Predictive Analytics and Proactive Security

Based on the use of superior technologies such as artificial intelligence, predictive analytics is fast becoming the future of cybersecurity owing to its capability of preparing organizations for an attack even before it happens. Promisingly, AI can learn from the past data and patterns and detect signs of early-stage cyberattacks – suspicious logins, increased traffic or users’ behaviours. This helps security teams to act pre-emptively and ensure that they fix a vulnerability; improve monitoring or change an already existing policy that can help in minimizing an attack before it occurs[6].

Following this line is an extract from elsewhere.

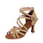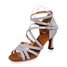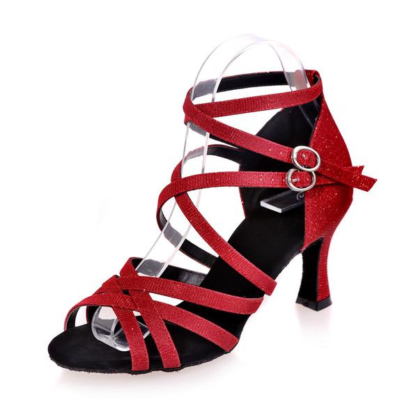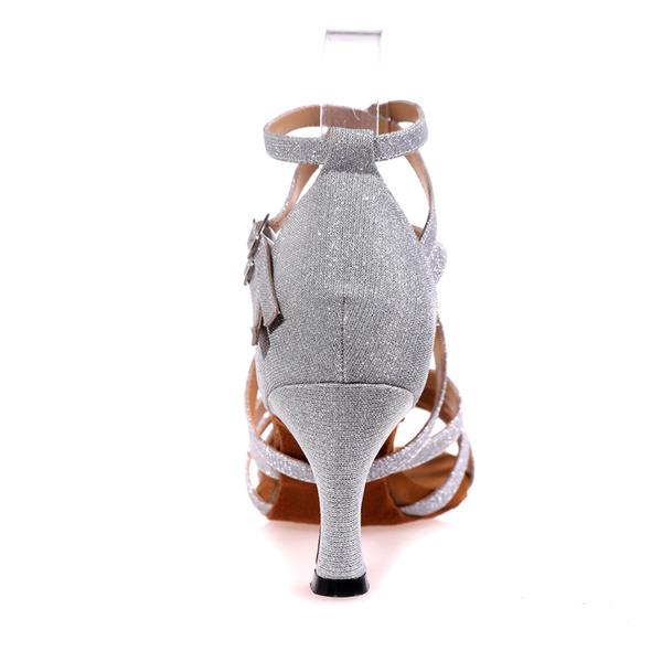Scarpe da ballo latino da donna con tacco personalizzato e glitter scintillanti

We now have the capacity to anticipate where and how the future danger will evolve – a dramatic leap from the conventional methods of having to respond to threats. [7]It is different from waiting for an emergence of an attack and then formulating how to go about it due to it gives power to organization to be one step ahead of an attacker. The foresight of anticipating a threat also fortifies an organisation’s general security stance as it means that those potential security breaches can be fixed before they are utilised as a tool by an attacker.

Challenges and Ethical Considerations

Of course, there are advantages of applying AI in cybersecurity, but there are problems with its application. A major fear are false positives, that is the cases when legitimate activity is recognized as negative. This could occasionally cause unwanted disturbances affecting security and a waste of security resources as it takes time to attend to such alarms even as they turn out to be false. To counter this, AI systems should be updated and trained again and again using different kinds of data to maximise efficiency and to eliminate false positive alerts.

Another important problem is the relation between AI and such ethical issues as data protection for cybersecurity. AI depends on data and therefore there is a question mark over how this data is acquired, processed, and managed. AI implementing cybersecurity must follow the GDPR and other data protection laws to retain user trust and avoid legal repercussions.

Furthermore, the use of AI is not exactly safe from the threats as with its increased integration into cybersecurity there can occur AI cyberattacks meaning that criminals could also upgrade the AI algorithms to outdo the securities. This highlights the roll of having a middle ground between fully AI implementation and the incorporation of human analytical input into the AI systems as well as ongoing supervision of the systems.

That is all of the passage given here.